* Supplied information *
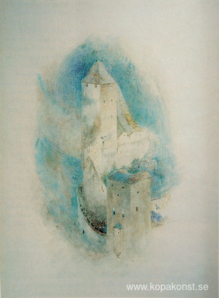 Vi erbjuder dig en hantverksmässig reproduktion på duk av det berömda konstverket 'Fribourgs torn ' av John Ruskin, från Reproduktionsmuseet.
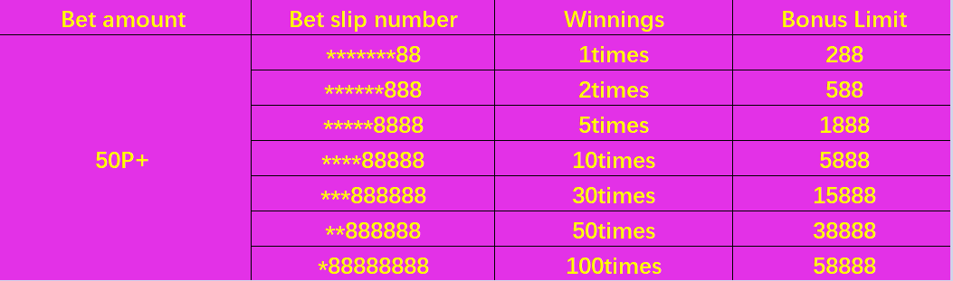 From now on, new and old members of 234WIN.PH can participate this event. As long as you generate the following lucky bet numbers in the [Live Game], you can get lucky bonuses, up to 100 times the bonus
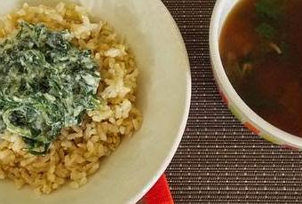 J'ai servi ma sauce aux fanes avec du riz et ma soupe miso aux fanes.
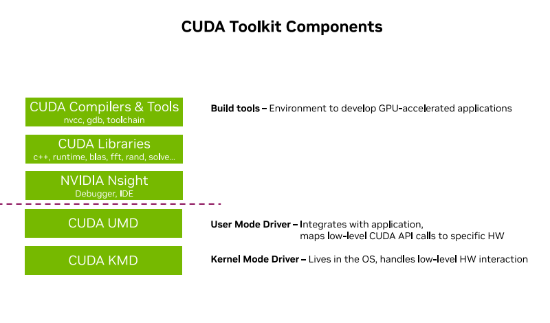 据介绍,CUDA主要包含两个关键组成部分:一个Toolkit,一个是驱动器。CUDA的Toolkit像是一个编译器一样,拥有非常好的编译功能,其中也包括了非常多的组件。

* What you will do *
Quote exactly the lines from the one that contains "From now on, new" through the end of the listing above, both ends included, leaving out the pictures.

* Written response *
 From now on, new and old members of 234WIN.PH can participate this event. As long as you generate the following lucky bet numbers in the [Live Game], you can get lucky bonuses, up to 100 times the bonus
 J'ai servi ma sauce aux fanes avec du riz et ma soupe miso aux fanes.
 据介绍,CUDA主要包含两个关键组成部分:一个Toolkit,一个是驱动器。CUDA的Toolkit像是一个编译器一样,拥有非常好的编译功能,其中也包括了非常多的组件。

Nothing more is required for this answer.